26 Août 2012
Peu de films cette année m'auront causé un tel choc. Plusieurs jours après j'y pense encore et, fait rare, j'en ai même rêvé la nuit suivant son visionnage. Je n'avais pas lu le synopsis, ni vu la bande-annonce pour arriver devant le plus vierge possible. Les bons échos laissaient entrevoir un grand moment. C'est bien le cas. Le film de Joachim Lafosse est d'une force incroyable. Son précédent long métrage, Elève libre sorti en 2009, n'était déjà pas passé inaperçu. D'entrée ici, il nous prend à la gorge. La scène d'introduction est terrible, scellant le drame qui va se jouer sous nos yeux. L’intérêt et le suspens, car c'est un vrai suspens, seront de voir comment, tout au long du film, la jeune femme va en arriver là. Une ambiance pesante et oppressante, lourde de manipulation et de perversion, va resserrer son étau dans nos ventres et nos cœurs jusqu'à un final terrible et glaçant. Très vite on s'attache à ce personnage de femme amoureuse (et certainement déjà fragilisée depuis longtemps) prête à tout pour être heureuse. De concessions en brimades et vexations, la lente et inéluctable descente aux enfers prend alors forme sous nos yeux. Le problème est que, tout aussi monstrueux que soit l'acte, on arrive pas vraiment à la blâmer, encore moins à la détester ou à la juger. C'est un sentiment très particulier et sans dire qu'on la comprend, on peut comprendre le cheminement qui l'a amené à faire un tel geste. La mise en scène de Lafosse est d'une redoutable efficacité, quand son scénario, implacable, est écrit au couteau. Avec cette belle sobriété permettant que l'ensemble ne soit jamais glauque et où tout nous est suggéré plutôt que montrer. Sa direction d'acteurs est aussi la grande force du film. Emilie Dequenne tient là son meilleur rôle. Elle est impressionnante, voir époustouflante, dans cette dégradation physique et mentale. Une composition qui marque et qui est à ranger dans les toutes meilleures de l'année. Si Tahar Rahim s'en sort bien, mais le rôle reste assez secondaire, Niels Arestrup est une fois de plus imposant. Un rôle sur mesure pour celui qui a fait de ces partitions ingrates un peu sa marque de fabrique. Ils se retrouvent tous les deux pour la première fois après le triomphe de Un prophète.
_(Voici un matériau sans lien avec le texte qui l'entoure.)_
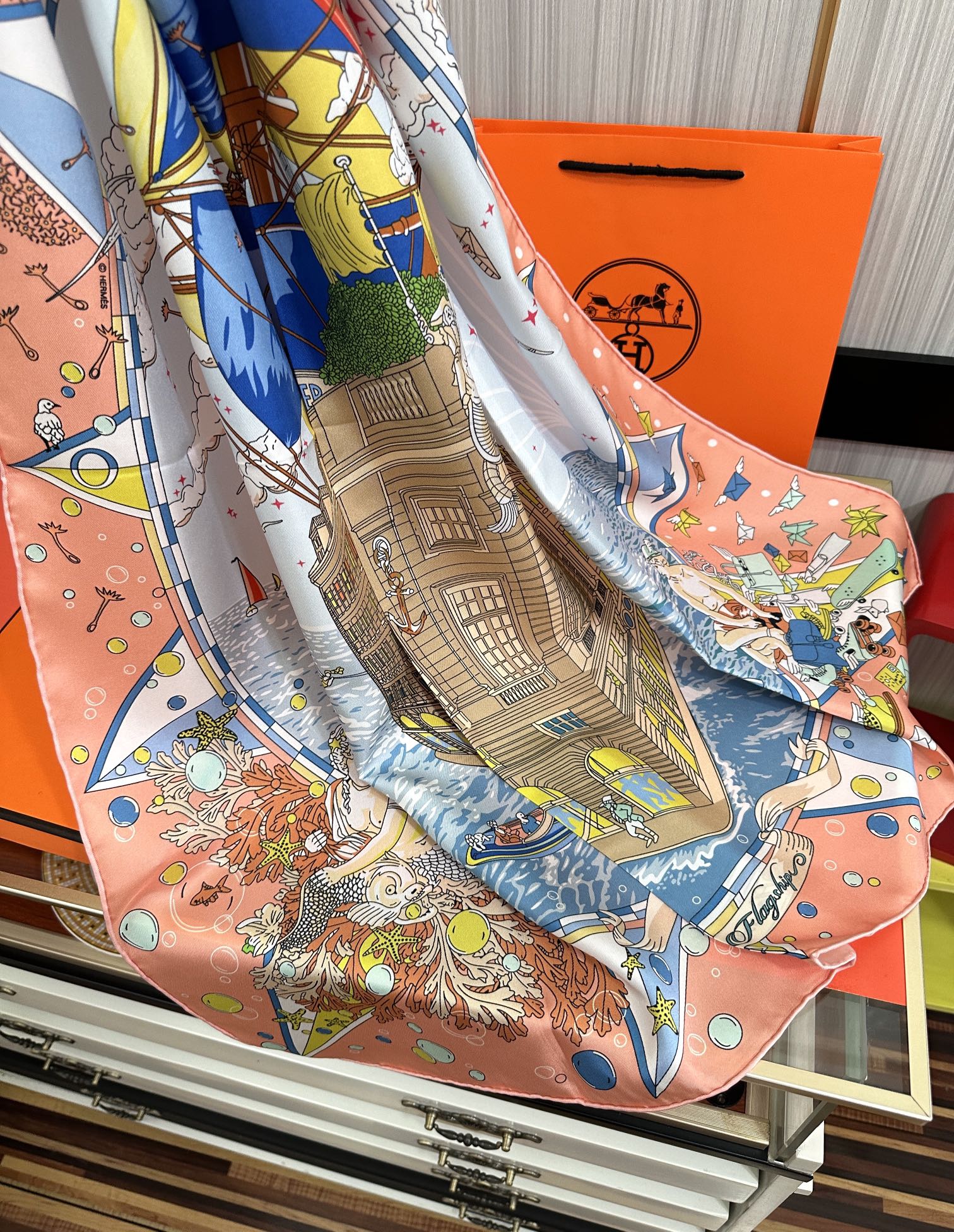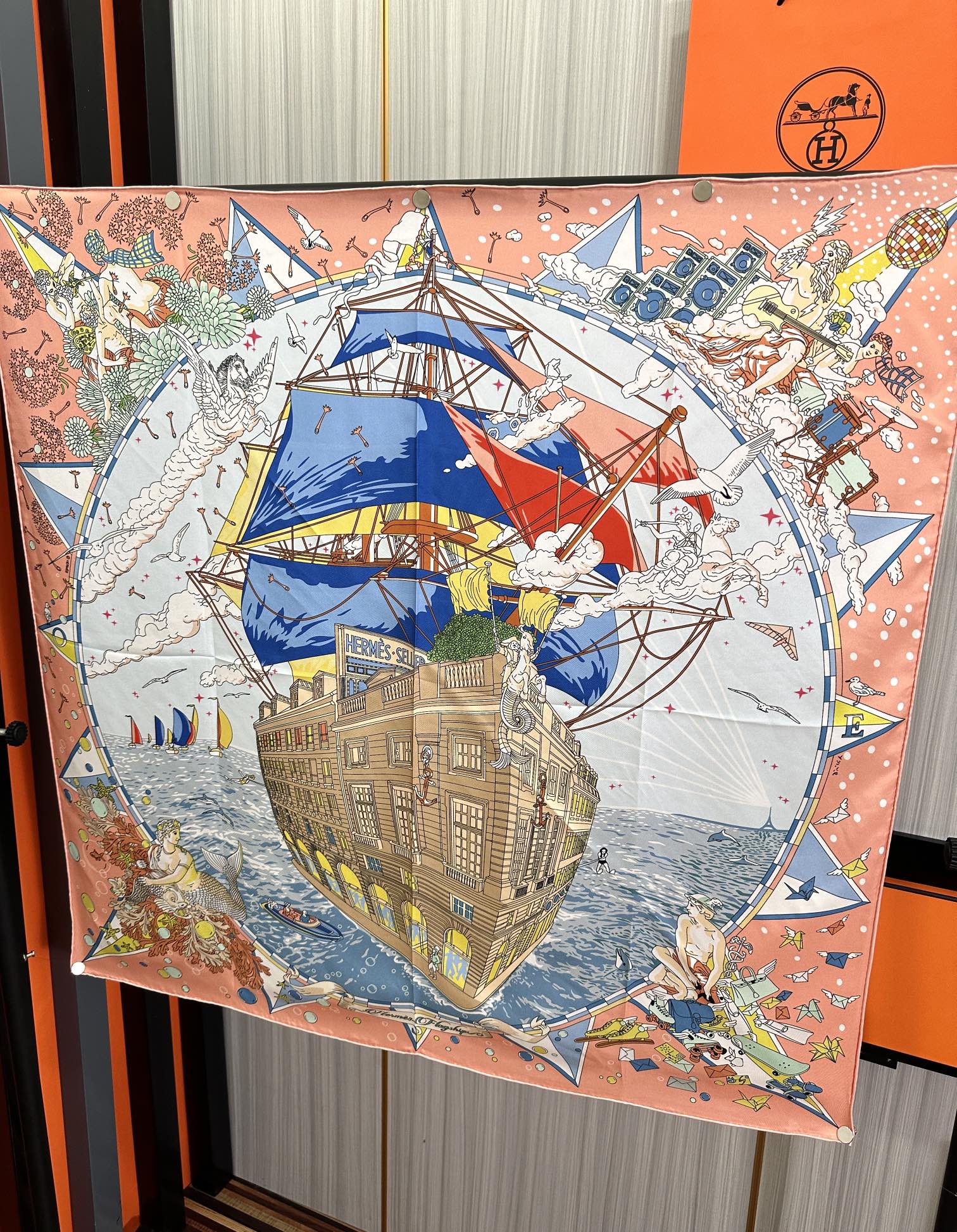 Square Scarf 90 CM Pink Orange Colorful Silk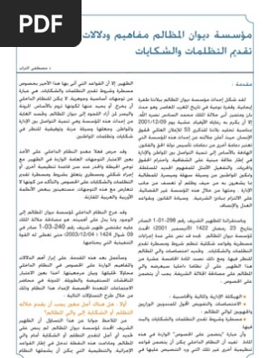 مؤسسة ديوان المظالم مفاهيم ودلالات لبعض شروط تقديم التظلمات والشكايات

Bref, difficile de parler d'un tel film, tellement l’expérience est traumatisante. Pour moi, l'un des meilleurs films de l'année. Mise en scène, scénario et interprétation de haute volée. A perdre la raison est un grand film, noir, désespéré, une vraie tragédie grecque qui marquera les esprits pour un moment...Une émotion sourde et forte, l'une des grandes claques de l'année...Bouleversant.